Gross M T, Erman J E
Biochim Biophys Acta. 1985 Aug 8;830(2):140-6. doi: 10.1016/0167-4838(85)90021-4.
Upon heating cytochrome c peroxidase (ferrocytochrome c: hydrogen-peroxide oxidoreductase, EC 1.11.1.5) at pH 4 and 5, the enzyme precipitates at 41 degrees C and 51 degrees C, respectively. Incubating the enzyme at lower temperatures causes a slow dissociation of the heme from the protein. The heme precipitates, while the apoprotein remains soluble. Between pH 6 and 8, the native enzyme is converted to a low-spin ferric form upon heating. The Soret maximum shifts from 408 to 414 nm. The midpoint of this transition is pH-dependent, with a value of 46 degrees C at pH 6 decreasing to 29 degrees C at pH 8. At high temperatures the 414 nm form is converted to a species which has a 'free heme' spectrum with low absorptivity and Soret maximum at 390 nm. The midpoint temperature of this latter transition is 62 degrees C and 57 degrees C at pH 7 and 8, respectively.

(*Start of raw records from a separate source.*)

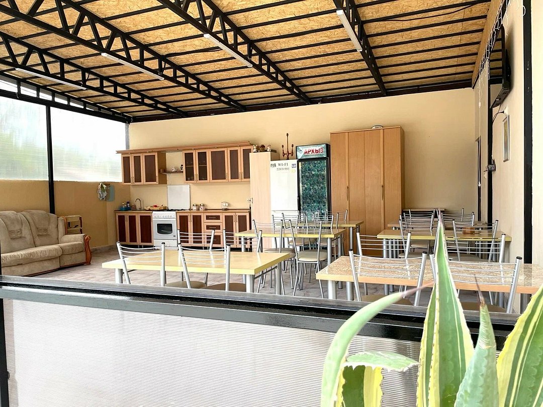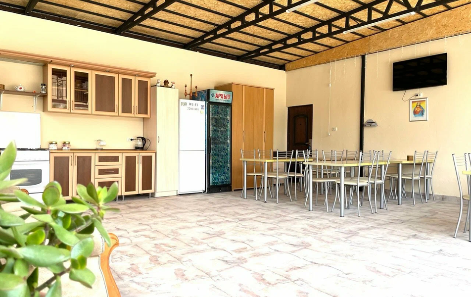 На общей кухне постояльцы найдут все необходимые столовые приборы и посуду, а также смогут воспользоваться мангалом для готовки.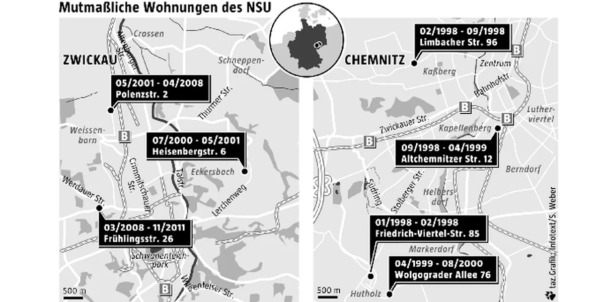 BERLIN taz | Das nach dem Kommunisten Heckert benannte Gebiet im Chemnitzer Südwesten muss Ende der 1990er so etwas wie ein sicherer Hafen für Rechtsextreme gewesen sein. Allein in der Friedrich-Viertel-Straße 85 sollen in einem halben Dutzend Wohnungen Neonazis gehaust haben.
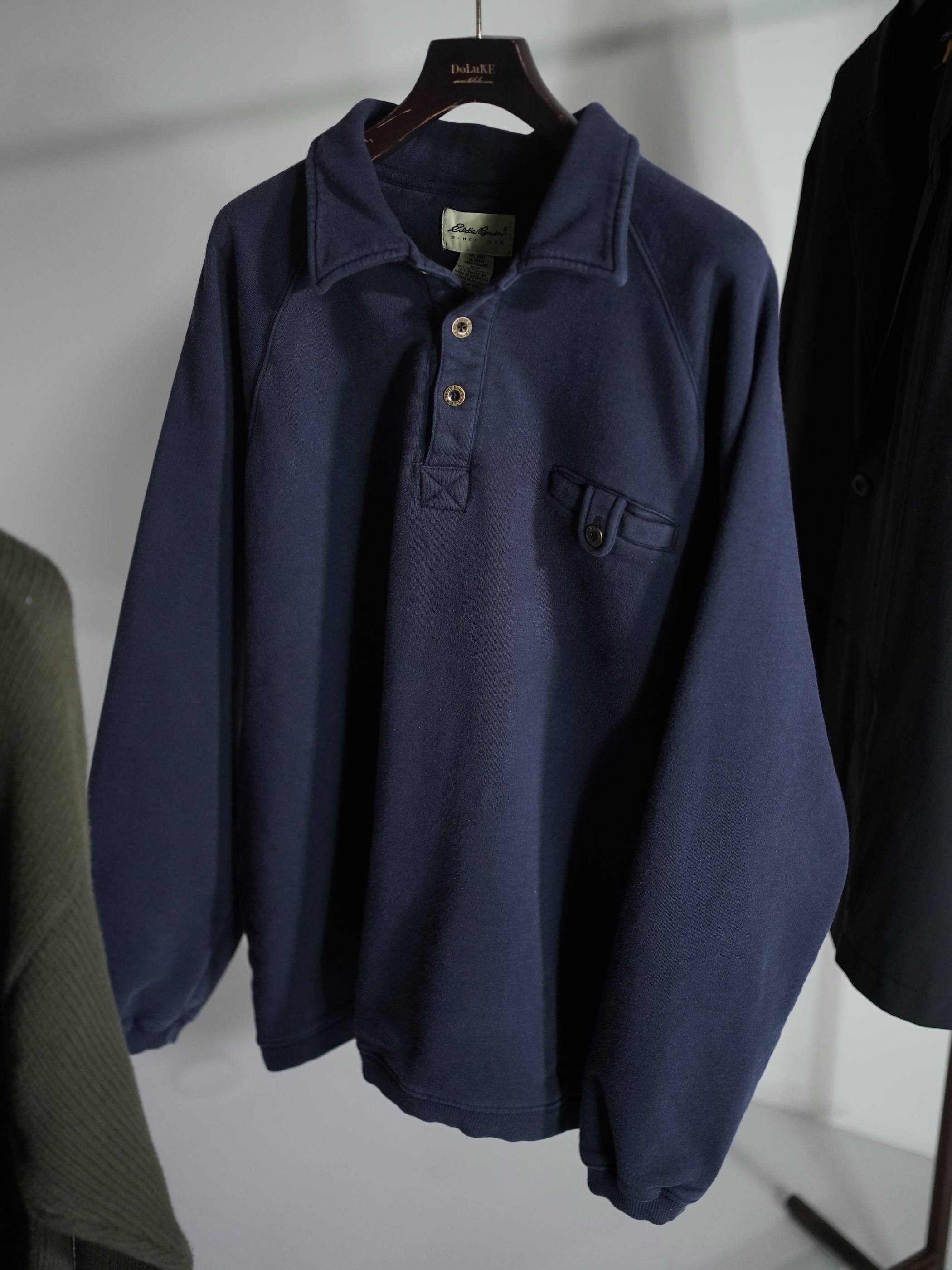 ・Eddie Bauer Raglan sleeve sweat polo shirt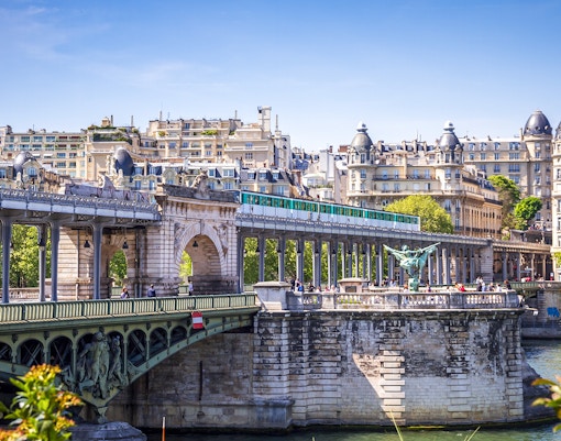 Double-decked bridge famous from Inception, offering cinematic Eiffel Tower views.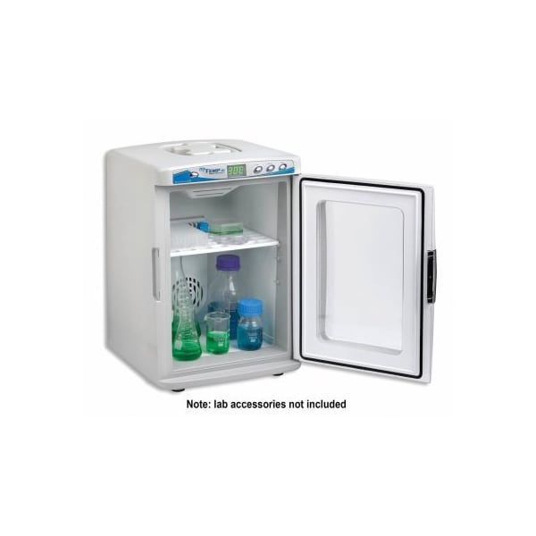 With digital temperature control, the MyTemp incubators provide convenient set and walk away operation, eliminating the need for external thermometers and repetitive fine tuning of an analog control knob. Simply choose the desired temperature and the incubator immediately begins to heat up (or cool down, depending on model) while accurately monitoring the chamber temperature and conveniently displaying the temperature in real time on the large LED control panel. Despite a modest footprint of 14.5 x 13", the MyTemp incubators feature large internal chambers, capable of storing flasks and bottles up to 2 liter. In addition, the incubators include two adjustable/removeable shelves for increased capacity. Units feature Peltier chip with temperature sensor.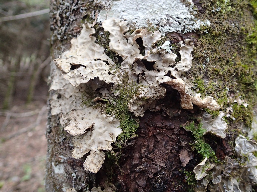 Le lichen le plus haut couleur jaune-vert ressemble davantage à un Lobarina scrobiculata avec ses grand lobes en forme de cuillère et sa face inférieure plutôt brune.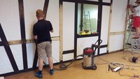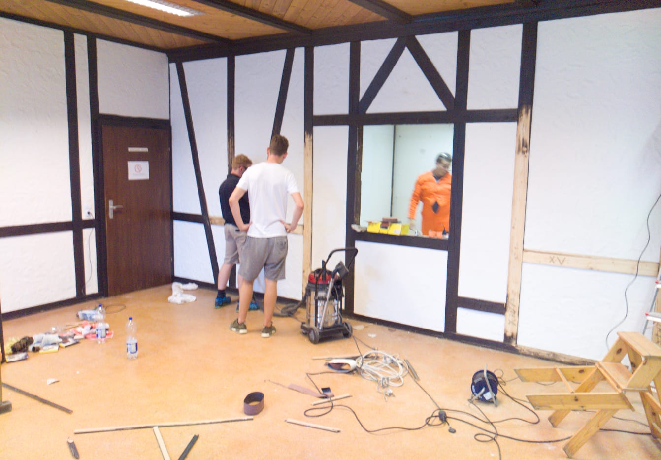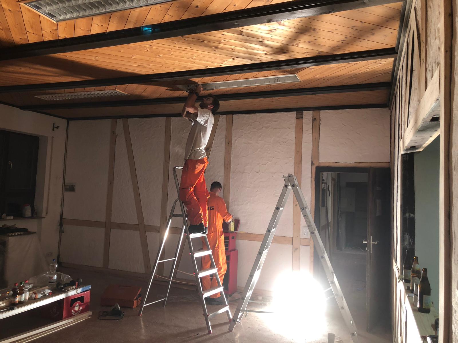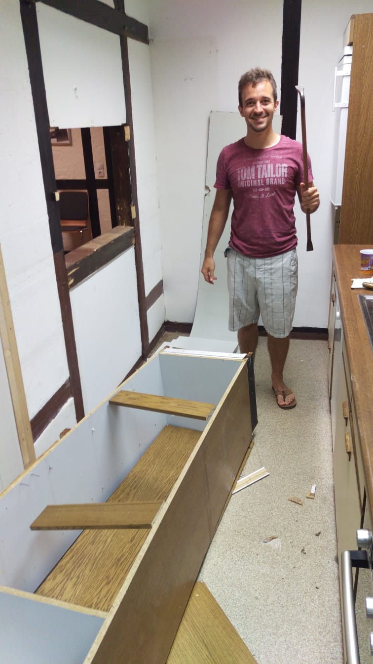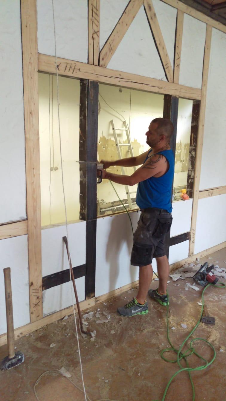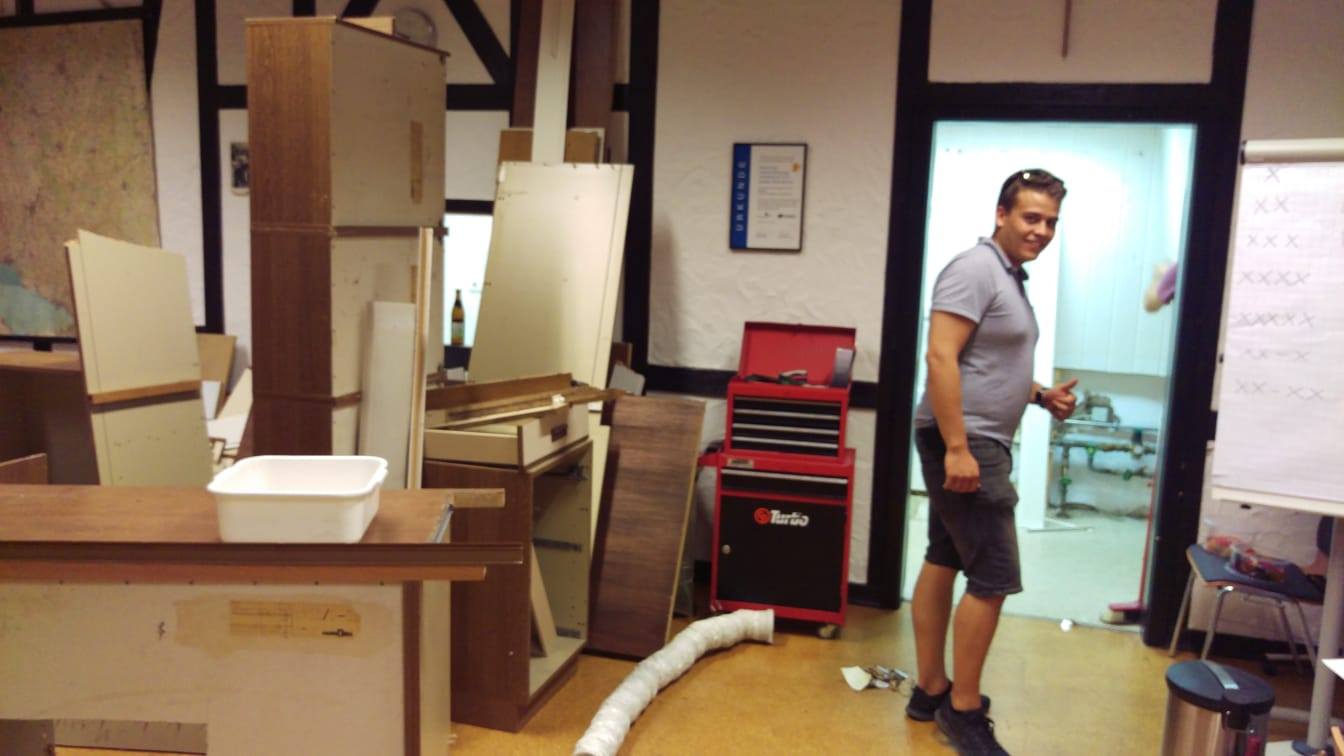 Ende Juli 2019, nach dem Rutenfest, beginnen nun die Baumaßnahmen. Unter der Leitung von Benedikt Musiol, der die Planung der Küche akribisch vorbereitet hat und die Baumaßnahmen nun überwacht, wurde zunächst die alte Küche entfernt und entsorgt, um dann den gesamten Raum zu entkernen und die Balken des Fachwerks im Lehrsaal abzuschleifen.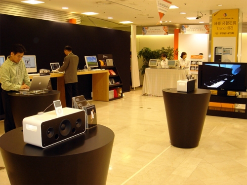 체험 마케팅에 인색하던 애플컴퓨터코리아가 드디어(?) 고객 체험 행사를 마련했다. 애플의 아이팟이나 맥 시리즈에 관심이 있던 고객들이라면 현대백화점 압구정점 5층에서 열리는 ‘애플 생활문화 트랜드 초대전’을 통해 눈으로 보고 직접 사용해볼 수 있다.

在pH值为4和5的条件下加热细胞色素c过氧化物酶(亚铁细胞色素c:过氧化氢氧化还原酶,EC 1.11.1.5)时,该酶分别在41℃和51℃沉淀。在较低温度下孵育该酶会导致血红素从蛋白质中缓慢解离。血红素沉淀,而脱辅基蛋白仍可溶。在pH值6至8之间,天然酶在加热时会转化为低自旋铁形式。Soret峰从408 nm移至414 nm。此转变的中点取决于pH值,在pH值6时为46℃,在pH值8时降至29℃。在高温下,414 nm形式会转化为一种具有“游离血红素”光谱的物质,其吸收率低,Soret峰在390 nm。后一种转变的中点温度在pH值7和8时分别为62℃和57℃。